# How to complete this task:
Please transcribe the entries below exactly and leave out every picture.

[Source information]

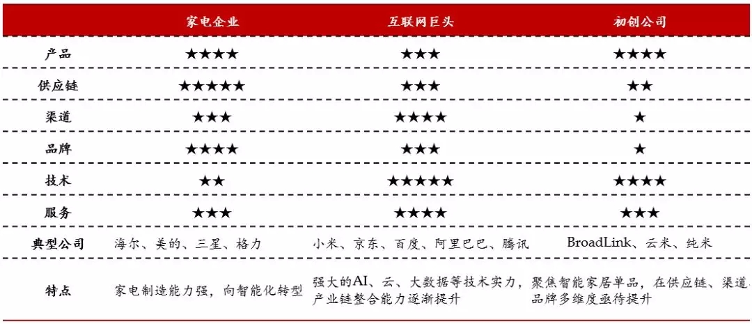 行业主要竞争者可以分为三类——传统家电企业、互联网巨头、创业企业。
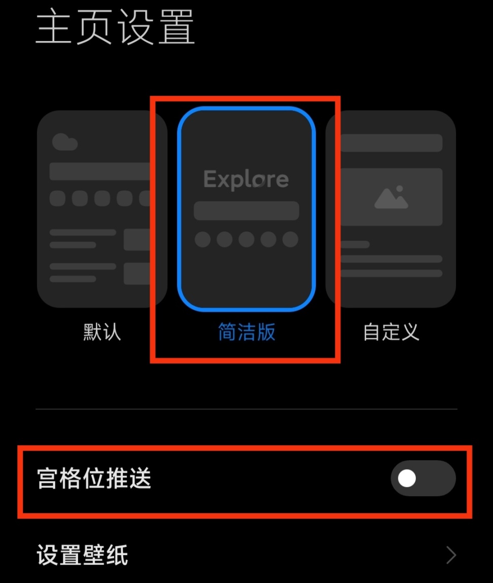 8.2选择底部三杠–设置–主页设置,建议使用“简洁版”,并将“宫位格推送”关闭
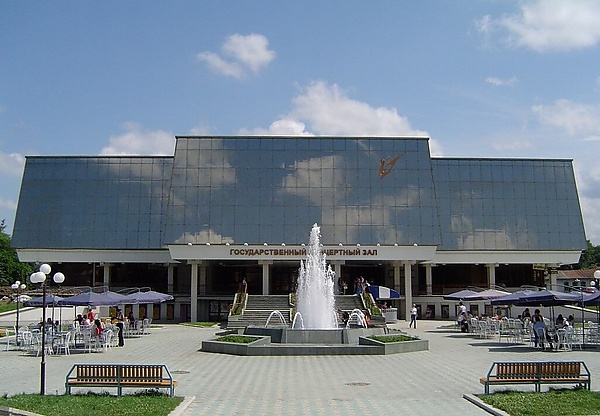 Государственный концертный зал в Нальчике открыли в 2001 году. Здание построено по совместному проекту заслуженных архитекторов КБР Александра Павловича Кирьязева, Владислава Хасановича Асанова и Юрия Степановича Логоватовского. Авторы использовали в своём проекте светопрозрачные конструкции, главный фасад здания остеклён эмалитом. Концертный зал оснащён современным музыкально-техническим оборудованием. На площадке перед зданием размещён красивый фонтан, имеющий форму восьмигранника[2].
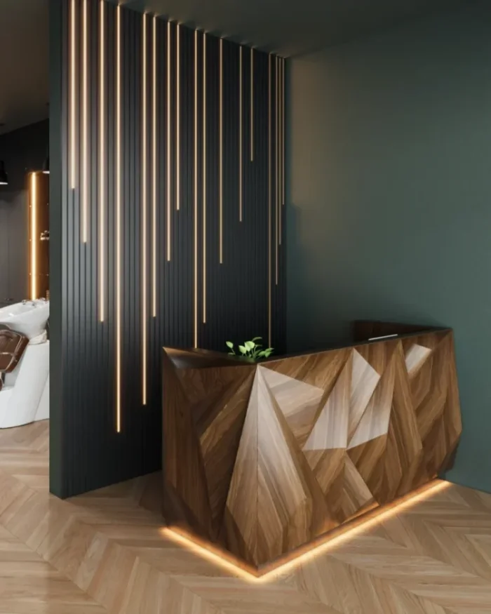 Dark wood paneling, Brass fixtures, Leather seating, Professional layout, Vintage-modern aesthetic, Functional design
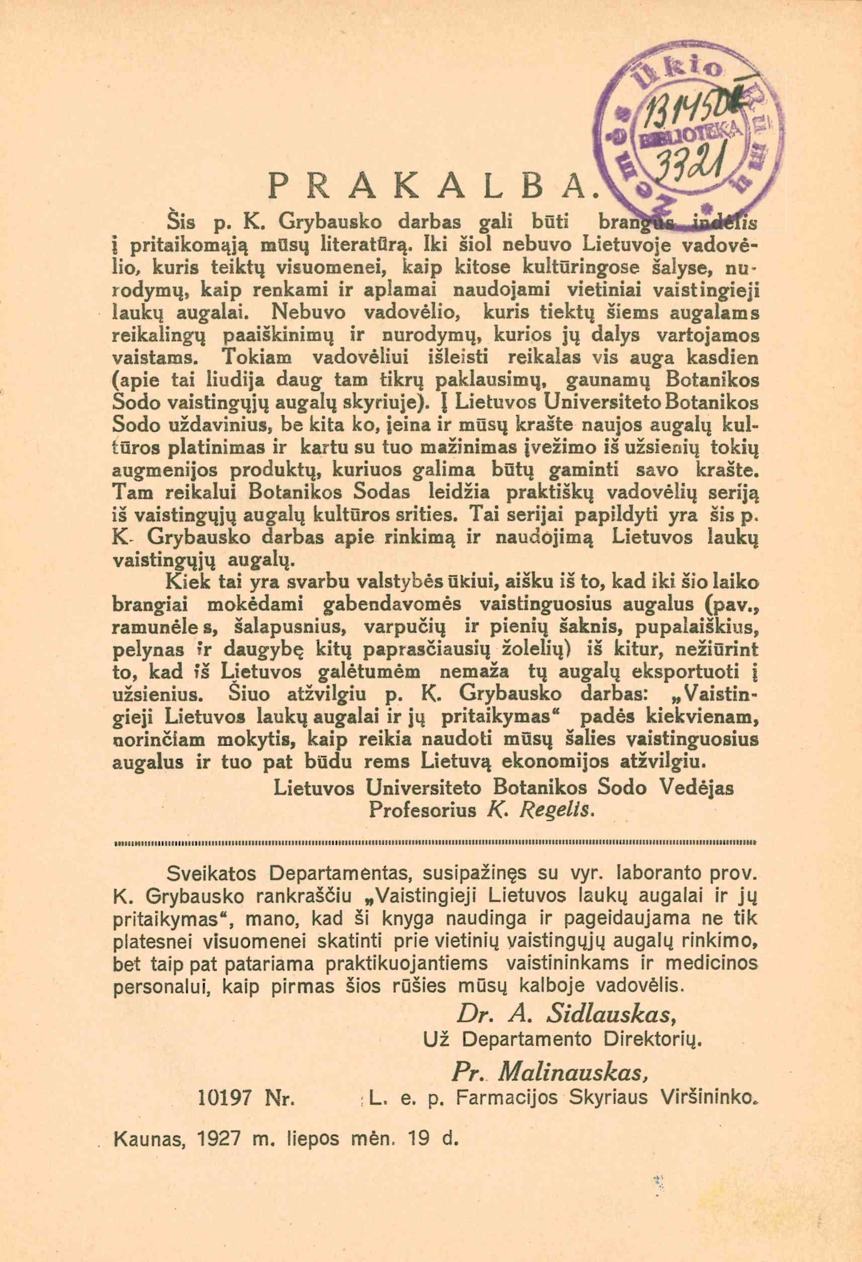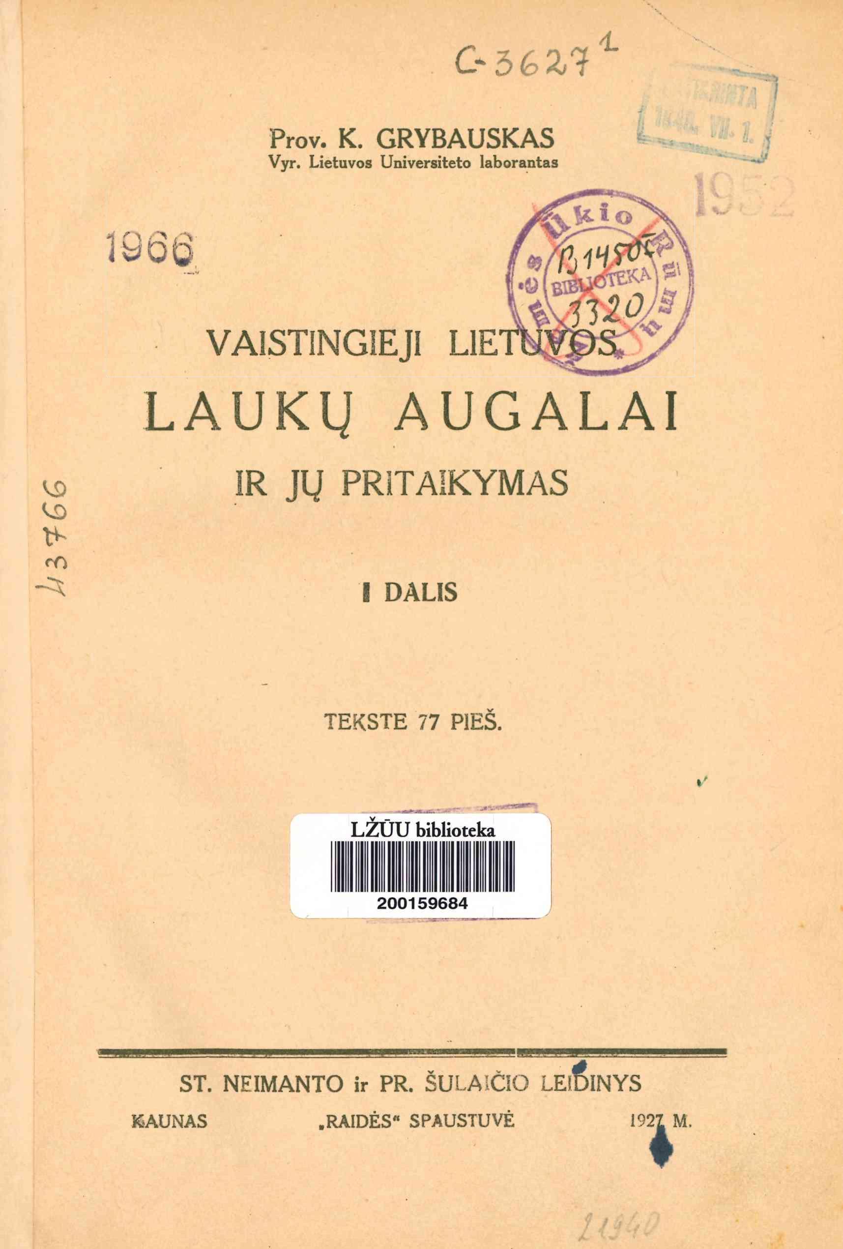 Vaistingieji Lietuvos laukų augalai ir jų pritaikymas / K. Grybauskas. – Kaunas, 1927-1935. – 2 tomai : iliustracijos. – Antro tomo bendroji antraštė „Vaistingieji Lietuvos augalai“.
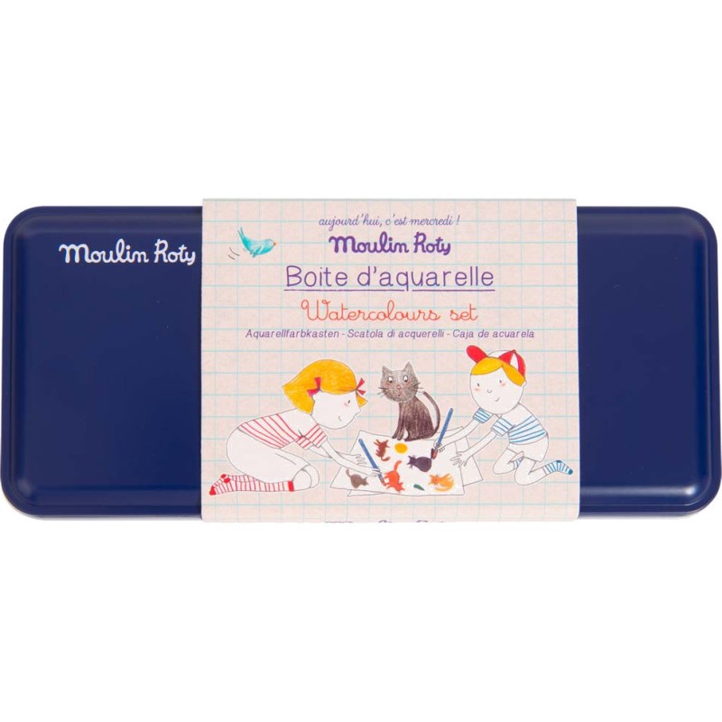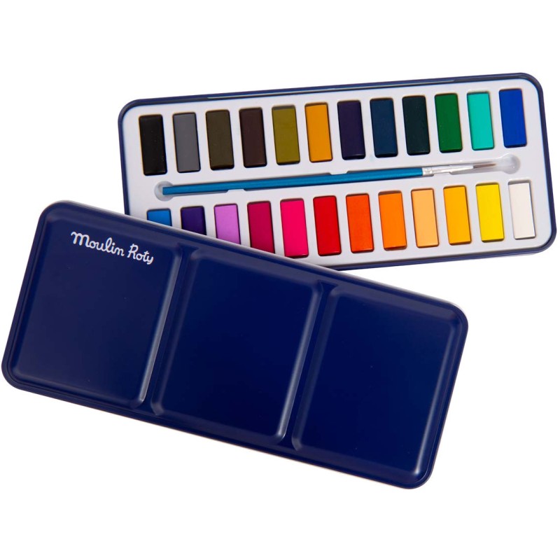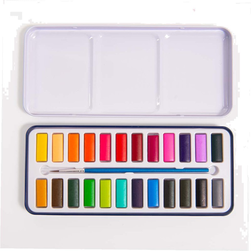 Boîte en métal avec 24 godets aquarelles aux couleurs intenses, un pinceau avec réservoir d'eau et une éponge. La boîte servira également de palette pour créer des mélanges de couleurs. Idéal pour débuter la peinture !
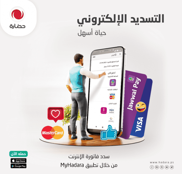 أعلنت شركة "حضارة" للاستثمار التكنولوجي وهي إحدى شركات مجموعة الاتصالات الفلسطينية عن إطلاقها خدمة"التسديد الإلكتروني" عبر تطبيق "MyHadara"، حيث تتيح لمشتركي شركة حضارة الاطلاع على تفاصيل فواتيرهم الصادرة والخاصة بخدمة الإنترنت والخدمات الأخرى وإمكانية تسديدهامن خلال قنوات التسديد الإلكتروني ( محفظة Jawwal pay ، بطاقات الإئتمان الفيزا كارد والماستر كارد، و الإنترنت البنكي) .
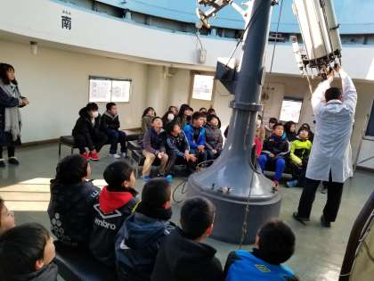 1組は地学の学習です。太陽の光を観察します。科学センターにある天文台の大きな望遠鏡にみんな興味津々です。
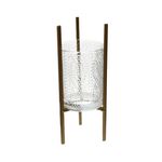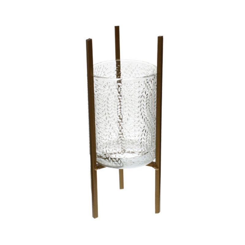 El recipiente principal está fabricado en vidrio transparente con un relieve texturizado que simula hojas o espigas,resistente con acabado dorado mate o bronce, asegurando durabilidad y estabilidad.

[/Source information]

# Answer to the problem:
 行业主要竞争者可以分为三类——传统家电企业、互联网巨头、创业企业。
 8.2选择底部三杠–设置–主页设置,建议使用“简洁版”,并将“宫位格推送”关闭
 Государственный концертный зал в Нальчике открыли в 2001 году. Здание построено по совместному проекту заслуженных архитекторов КБР Александра Павловича Кирьязева, Владислава Хасановича Асанова и Юрия Степановича Логоватовского. Авторы использовали в своём проекте светопрозрачные конструкции, главный фасад здания остеклён эмалитом. Концертный зал оснащён современным музыкально-техническим оборудованием. На площадке перед зданием размещён красивый фонтан, имеющий форму восьмигранника[2].
 Dark wood paneling, Brass fixtures, Leather seating, Professional layout, Vintage-modern aesthetic, Functional design
 Vaistingieji Lietuvos laukų augalai ir jų pritaikymas / K. Grybauskas. – Kaunas, 1927-1935. – 2 tomai : iliustracijos. – Antro tomo bendroji antraštė „Vaistingieji Lietuvos augalai“.
 Boîte en métal avec 24 godets aquarelles aux couleurs intenses, un pinceau avec réservoir d'eau et une éponge. La boîte servira également de palette pour créer des mélanges de couleurs. Idéal pour débuter la peinture !
 أعلنت شركة "حضارة" للاستثمار التكنولوجي وهي إحدى شركات مجموعة الاتصالات الفلسطينية عن إطلاقها خدمة"التسديد الإلكتروني" عبر تطبيق "MyHadara"، حيث تتيح لمشتركي شركة حضارة الاطلاع على تفاصيل فواتيرهم الصادرة والخاصة بخدمة الإنترنت والخدمات الأخرى وإمكانية تسديدهامن خلال قنوات التسديد الإلكتروني ( محفظة Jawwal pay ، بطاقات الإئتمان الفيزا كارد والماستر كارد، و الإنترنت البنكي) .
 1組は地学の学習です。太陽の光を観察します。科学センターにある天文台の大きな望遠鏡にみんな興味津々です。
 El recipiente principal está fabricado en vidrio transparente con un relieve texturizado que simula hojas o espigas,resistente con acabado dorado mate o bronce, asegurando durabilidad y estabilidad.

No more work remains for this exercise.